(Source records)
-=-=-=-=-
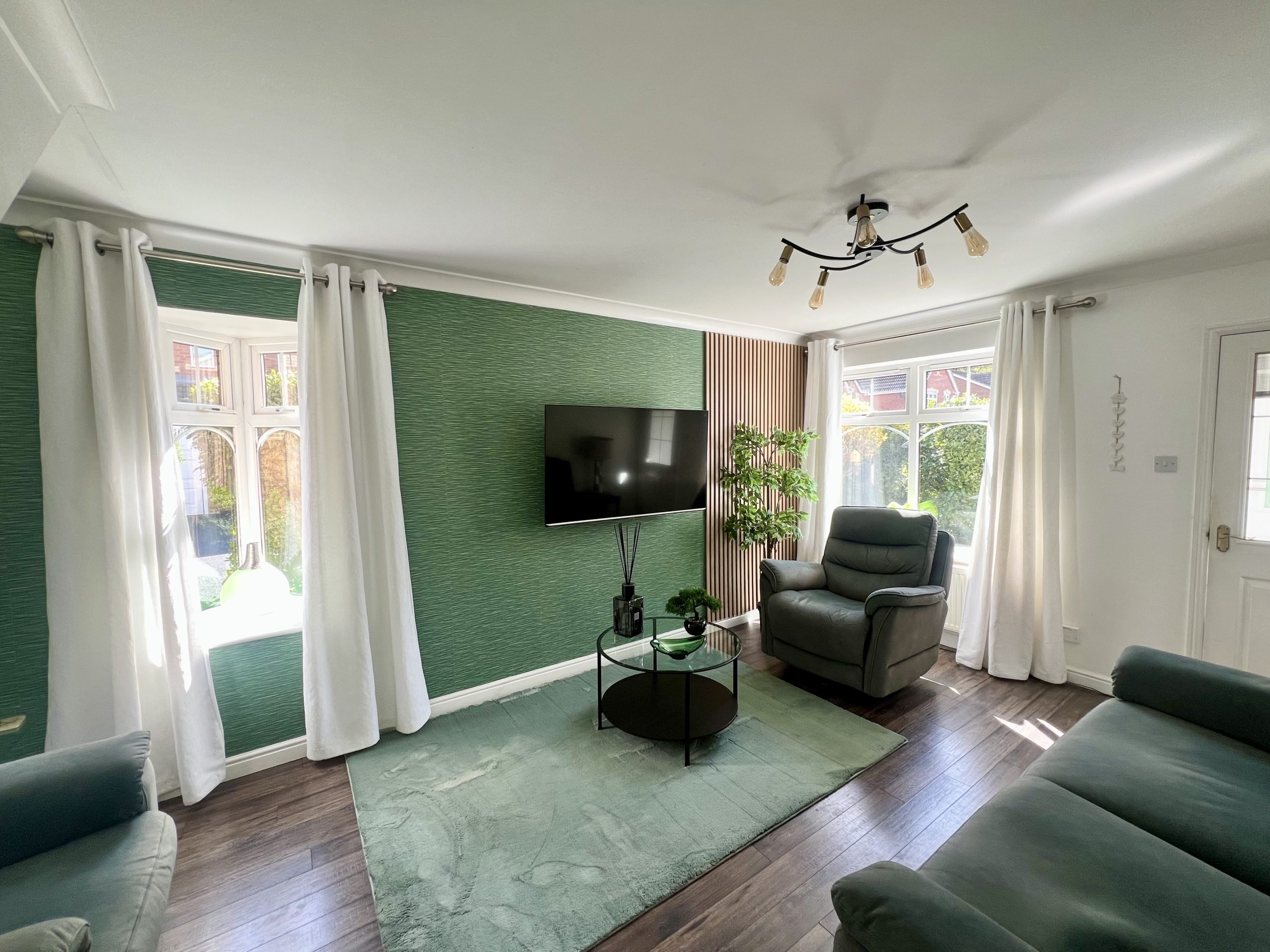 The porch leads through to a spacious and well-lit lounge, benefitting from continued wood-effect flooring, which enhances the sense of continuity. The room features two windows—one to the front and one to the side elevation—allowing for an abundance of natural light. Additional features include a single pendant light fitting and a radiator.
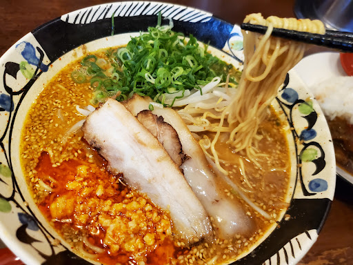 昼に会社の仲間と昼食で利用させていただきました。 始めての来店でしたが、ラーメンの種類も多くいろいろと目移りする内容でしたので、メニューの最初に書いてあるし、私は辛党なので「うまみそらーめん」を頼んでみました。辛さはもちろん「ちょ~辛」です。 海苔、ニンニク、辛にらが無料で利用できるのは良かったのですが、ニンニクが小さすぎて潰しにくかったです。 ちょ~辛との事ですが、出てきたラーメンは辛そうに見えず、スープを一口飲んでも、こんなものかと思うほどの味でしたが、食べ進んでいくと段々辛さを感じるようになり刺激が程よくなってきて、私の好みに合い大変美味しかったです。 1番柔いのがやわ麵しかなかったのですが、バリやわでとお願いしたのに、私にとってはやわでもなく普通麺程の硬さでしたので、その点がかなりマイナスでした。 硬さを聞くなら、客の好みに合わせて欲しい、ただふりで聞く程度なら聞かない方がまし。いつも博多でバリやわでと頼んだ時の柔らかさを期待してた分、がっかりでした。 支払いも現金以外でpaypayなどのQR決済もしっかりと使えました。 JAFの会員だと50円引きのサービスもありがたかったです。 味は良かったので、やわ麵で出てきていたら☆5でしたが、普...
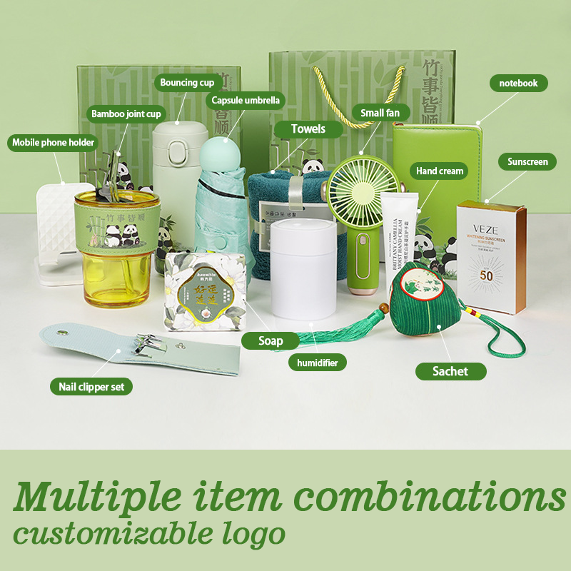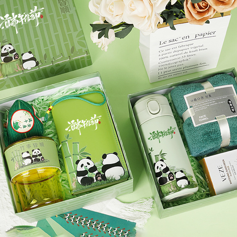 Custom Dragon Boat Festival 4-Color bordado Notebook Pen Set Logo en relieve pequeño ventilador ventosa Guangdong Origin regalos
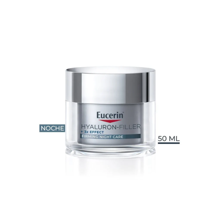 Noche: Tras la limpieza facial, aplicar la crema Eucerin Hyaluron Filler +3x Effect de noche para favorecer la regeneración celular.
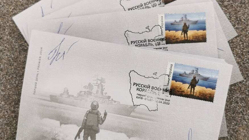 Ukrposhta ha publicado así un millón de sellos de tirada bajo el título «¡Buque de guerra ruso, vete a la mierda!» que se refiere en particular a los guardias de fronteras de la isla de la Serpiente, tomada por las fuerzas rusas en los primeros días de la invasión rusa.
-=-=-=-=-
§ WHAT IS BEING ASKED
Reproduce the records exactly, images excluded.

§ ANSWER SECTION
 The porch leads through to a spacious and well-lit lounge, benefitting from continued wood-effect flooring, which enhances the sense of continuity. The room features two windows—one to the front and one to the side elevation—allowing for an abundance of natural light. Additional features include a single pendant light fitting and a radiator.
 昼に会社の仲間と昼食で利用させていただきました。 始めての来店でしたが、ラーメンの種類も多くいろいろと目移りする内容でしたので、メニューの最初に書いてあるし、私は辛党なので「うまみそらーめん」を頼んでみました。辛さはもちろん「ちょ~辛」です。 海苔、ニンニク、辛にらが無料で利用できるのは良かったのですが、ニンニクが小さすぎて潰しにくかったです。 ちょ~辛との事ですが、出てきたラーメンは辛そうに見えず、スープを一口飲んでも、こんなものかと思うほどの味でしたが、食べ進んでいくと段々辛さを感じるようになり刺激が程よくなってきて、私の好みに合い大変美味しかったです。 1番柔いのがやわ麵しかなかったのですが、バリやわでとお願いしたのに、私にとってはやわでもなく普通麺程の硬さでしたので、その点がかなりマイナスでした。 硬さを聞くなら、客の好みに合わせて欲しい、ただふりで聞く程度なら聞かない方がまし。いつも博多でバリやわでと頼んだ時の柔らかさを期待してた分、がっかりでした。 支払いも現金以外でpaypayなどのQR決済もしっかりと使えました。 JAFの会員だと50円引きのサービスもありがたかったです。 味は良かったので、やわ麵で出てきていたら☆5でしたが、普...
 Custom Dragon Boat Festival 4-Color bordado Notebook Pen Set Logo en relieve pequeño ventilador ventosa Guangdong Origin regalos
 Noche: Tras la limpieza facial, aplicar la crema Eucerin Hyaluron Filler +3x Effect de noche para favorecer la regeneración celular.
 Ukrposhta ha publicado así un millón de sellos de tirada bajo el título «¡Buque de guerra ruso, vete a la mierda!» que se refiere en particular a los guardias de fronteras de la isla de la Serpiente, tomada por las fuerzas rusas en los primeros días de la invasión rusa.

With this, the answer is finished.